‘La isla’, de Giani Stuparich

He leído poco al autor, un escritor italiano de origen judío, pero este relato corto e intenso sobre la muerte del padre me pareció excepcional.

Un hombre al que le queda muy poco tiempo de vida vuelve a su isla natal, por unos días, acompañado por su hijo, adulto ya. El primero contempla los paisajes y ambientes de su niñez y juventud e intenta mostrarse animoso ante la enfermedad, y el segundo, preocupado por la salud de su padre, hace balance y adquiere una cierta conciencia de lo que perderá cuando su padre fallezca.
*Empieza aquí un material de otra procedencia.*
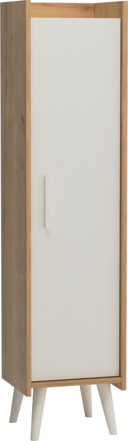 Skåp av trä med ben av plast.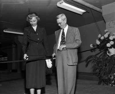 Miss Patricia Ann Glenn, Fort Worth National Bank employee, snips tape to open the bank's new seven-level parking garage at 711 Commerce. W. M. Massie, senior vice president of the bank, looks on at right. The garage will provide free 45-minute parking for bank customers. Published in Fort Worth Star-Telegram morning edition, October 16, 1950.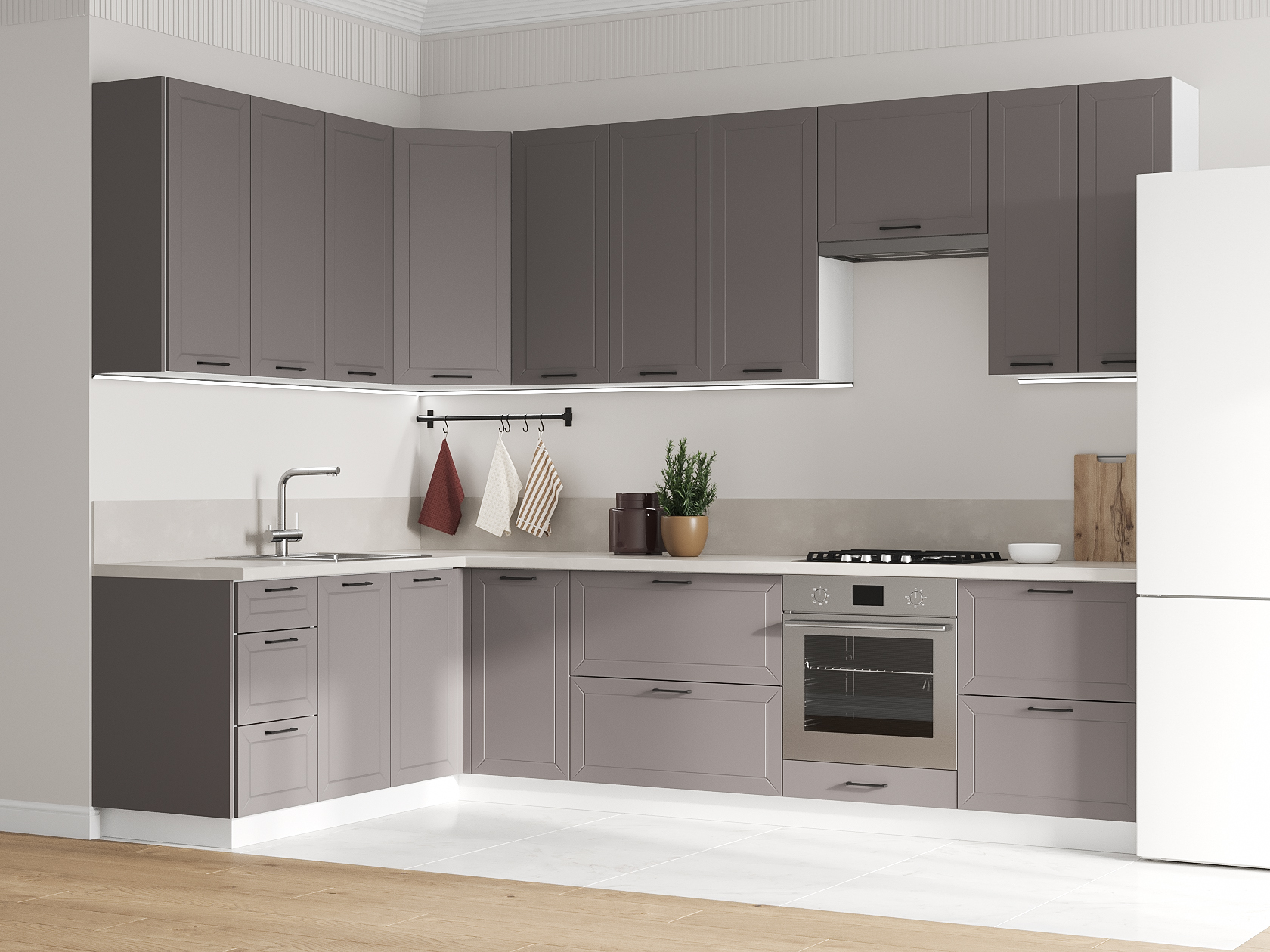Высокий кухонный гарнитур Вектор 300х180 см Белый / Грей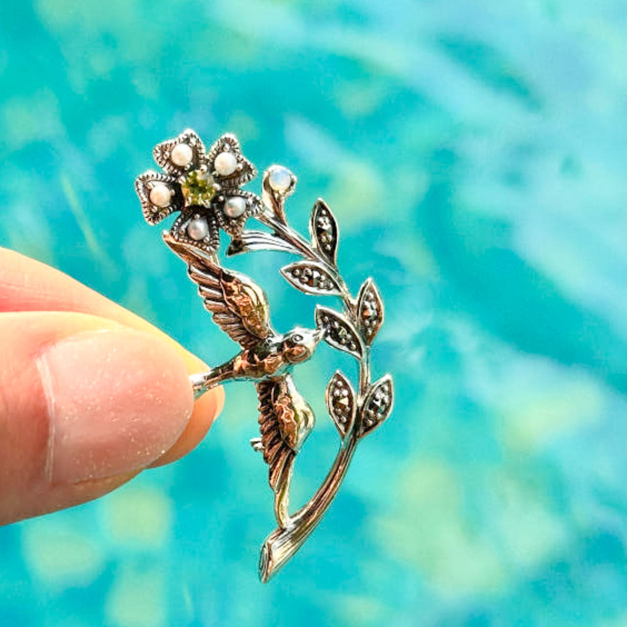 [R179][Rokuzan] 로쿠잔 천연 페리도트 블루오팔 꽃을 물고 좋은 소식 들고 오는 새 브로치 펜던트 겸 925 실버

El narrador se centra, sobre todo, en presentar el mundo interior de sentimientos mezclados del hijo ante su padre. A este lo vemos entero, haciendo frente a su enfermedad, mientras el hijo está confuso y desconcertado. A través de su mirada tenemos atisbos del interior del padre en los que asoma una esperanza que el hijo no tiene. Eso se revela en este pasaje, cuando el hijo entra en la habitación que ocupa su padre:

«Sobre la mesita de noche estaban las gafas y un libro encuadernado en negro con los cantos dorados: La Biblia. Un antiguo marcalibros de pergamino miniado sobresalía de entre las páginas: ¡Una página del libro de Job!
“¿Para qué me sacaste del seno? Habría muerto sin que me viera ningún ojo”.
“¿No son bien poco los días de mi existencia? Apártate de mí para gozar de un poco de consuelo”.
“Antes de que me vaya, para ya no volver, a la tierra de tinieblas y de sombra”.
Los ojos del hijo, que se habían posado al azar en esos versículos, se velaron. Nunca habría pensado que su padre leyera la Biblia. Desde que lo seguía de niño, lo había visto con pocos libros en la mano: algún libro de viajes, alguna novela histórica».

Giani Stuparich. La isla (L’isola, 1942). Barcelona: Minúscula, 2008; 123 pp.; trad. de J. A. González Sainz; ISBN: 978–84–95587–39–8.